Keywords: Suppression of tumorigenicity 2, pancreatic carcinoma, prognosis
Interleukin-33 (IL-33), a member of the IL-1 cytokine family, is expressed in endothelial cells, fibroblasts, and epithelial cells both during homeostasis and inflammation (1,2). The human suppression of tumorigenicity 2 (ST2) gene encodes for three splice variants; soluble ST2 (sST2), transmembrane ST2 (ST2L), and variant ST2 (ST2V) (1). The IL-33 receptor is a heterodimeric complex consisting of ST2L and IL-1 receptor accessory protein (2). ST2 is expressed on the membrane of a variety of immune cell types, such as T helper (Th)2 lymphocytes, group 2 innate lymphoid cells, macrophages, mast cells, basophils, eosinophils, dendritic cells, and natural killer (NK) cells (3). IL-33/ST2 signaling is crucial for tissue repair, type 2 immunity, allergic and non-allergic inflammation, and viral infection (3).
Recent studies have shown associations between the biological role of the IL-33/ST2 axis and progression of malignant tumors. However, the significance of tumoral ST2 expression remains controversial in some malignancies (4). In this study, we investigated the clinicopathological and prognostic relevance of tumoral ST2 expression in patients with resected pancreatic carcinoma after neoadjuvant chemoradiotherapy.
Patients and Methods
Patients. This retrospective study was approved by the Institutional Review Board of Kagawa University (approval number: 2020-090) and Shimane University (approval number: 20221012-1). All experiments were performed in accordance with relevant guidelines and regulations.

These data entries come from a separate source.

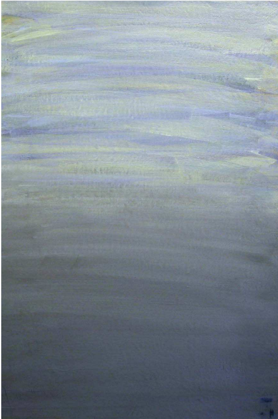
March 3am/3pm, AnnualHours , oil on canvas on alumalite, 16" x 12"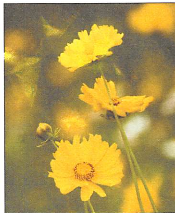
Tickseed Coreopsis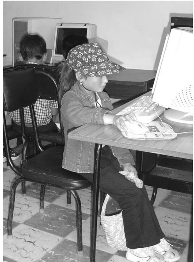
Pucara Telecentre, Azuay, Ecuador SOCIAL PASTORAL SERVICE OF CUENCA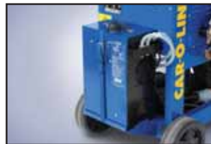
Also available in a water-cooled version with exclusive water cooling all the way to the tips!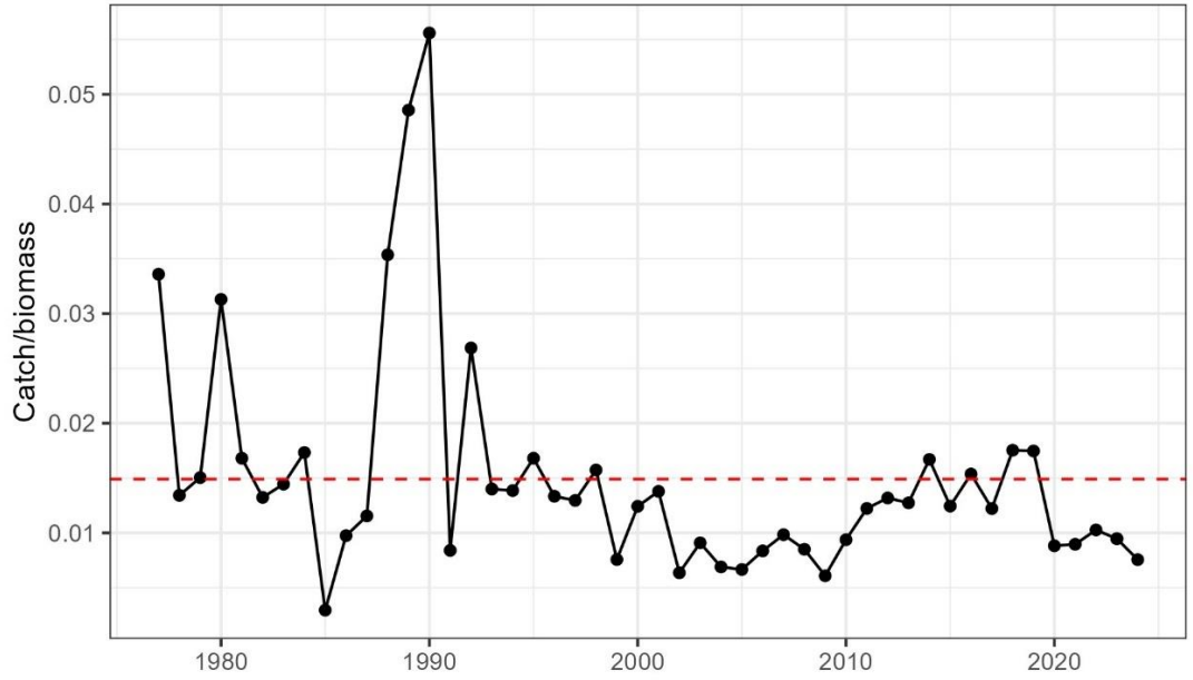
Figure 13.3. Catch divided by biomass (age 3+) for GOA RE/BS rockfish, 1977-2024. The red dashed line is the long-term average for the time series (0.015). Age-3+ biomass estimates for 1977-2022 and 2023-2024 were obtained from the 2023 assessment and 2024 projection models, respectively. The assumed projected total catch for 2024 is 348 t.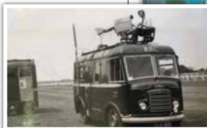
Stan in 1964 at Ascot Racecourse

The Outside Broadcast Department travelled out and about in various vehicles with all the necessary equipment to cover programmes, whether it be Play for Today, Z Cars, Seaside Special, Swap Shop or air displays.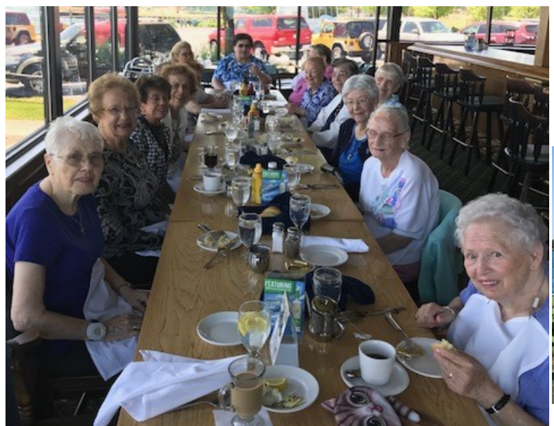
Women's Lunch The Voyager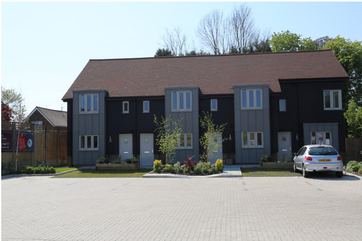
Figure 20: Part of recent King's Head development - a mix of small flats and 2-3 bedroom apartments in the Sussex Barn style

Key Evidence base reference: Historic environment report, Character appraisal, Housing Needs Survey, Shaping Chailey Questionnaire, Local connection eligibility for affordable housing criteria as required by Lewes & Eastbourne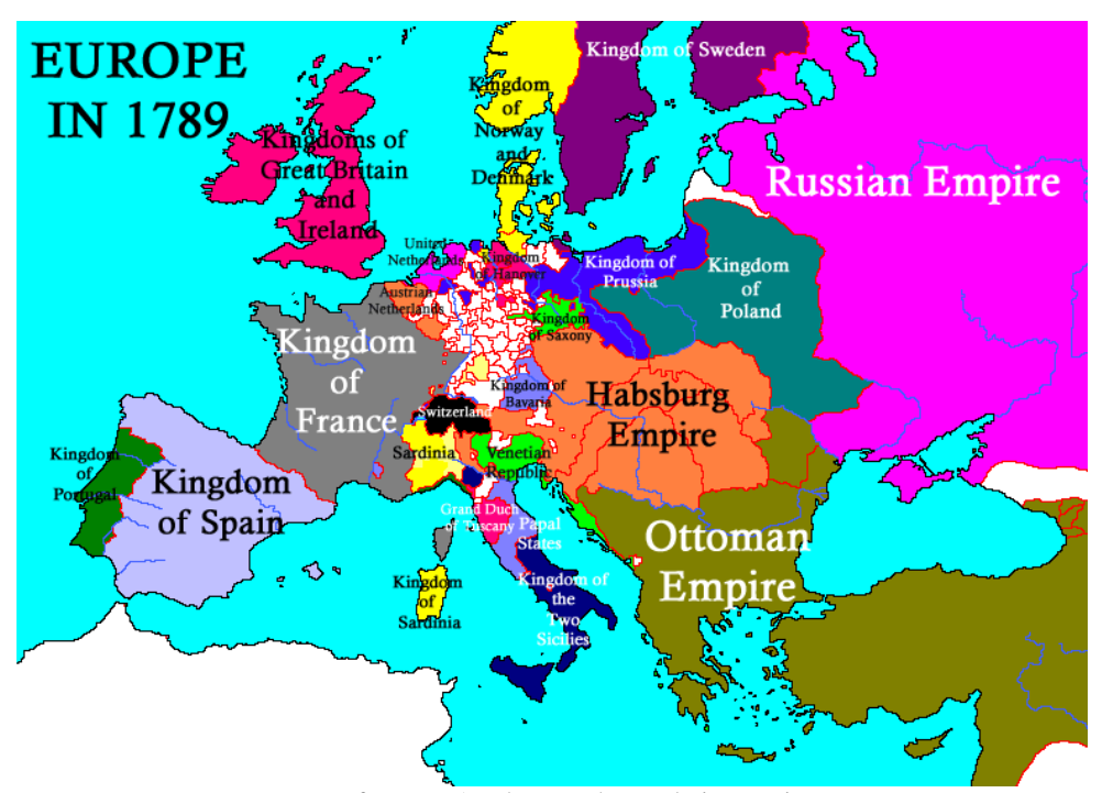
January 21, 1793 King Louis XVI Is Guillotined And Robespierre Takes Power

Map of Europe As The French Revolution Begins

We reviewed records from patients with invasive pancreatic ductal adenocarcinoma who had undergone pancreatic resection after chemoradiotherapy at Kagawa University between 2009 and 2018 (n=81). After excluding patients with positive surgical margin (n=3) or ≤10% residual tumor after chemoradiotherapy (n=2), 76 patients were eventually included in our analysis. Clinical data were collected from a prospectively maintained pancreatic carcinoma database. Tumor, node, metastasis (TNM) stages were assigned based on the eighth edition of the American Joint Committee on Cancer TNM Staging Manual (5).
Immunohistochemistry using tissue microarrays and scoring. Formalin-fixed, paraffin-embedded tumor specimens from patients who met the inclusion criteria were used for tissue microarray construction. One representative main tumor site was marked on Hematoxylin & Eosin-stained slides. Using a tissue array (Tissue Microprocessor KIN-2, Azumaya, Japan), cylindrical 3-mm tissue cores from the corresponding paraffin block were arrayed on the recipient block.
Four-μm sections from stored formalin-fixed, paraffin-embedded tumor blocks were stained with an anti-ST2 rabbit polyclonal antibody (Proteintech, Rosemont, IL, USA; diluted at 1:100) using a BOND-III automated immunohistochemical slide staining system (Leica Biosystems). We used diaminobenzidine as chromogen and hematoxylin as nuclear counterstain.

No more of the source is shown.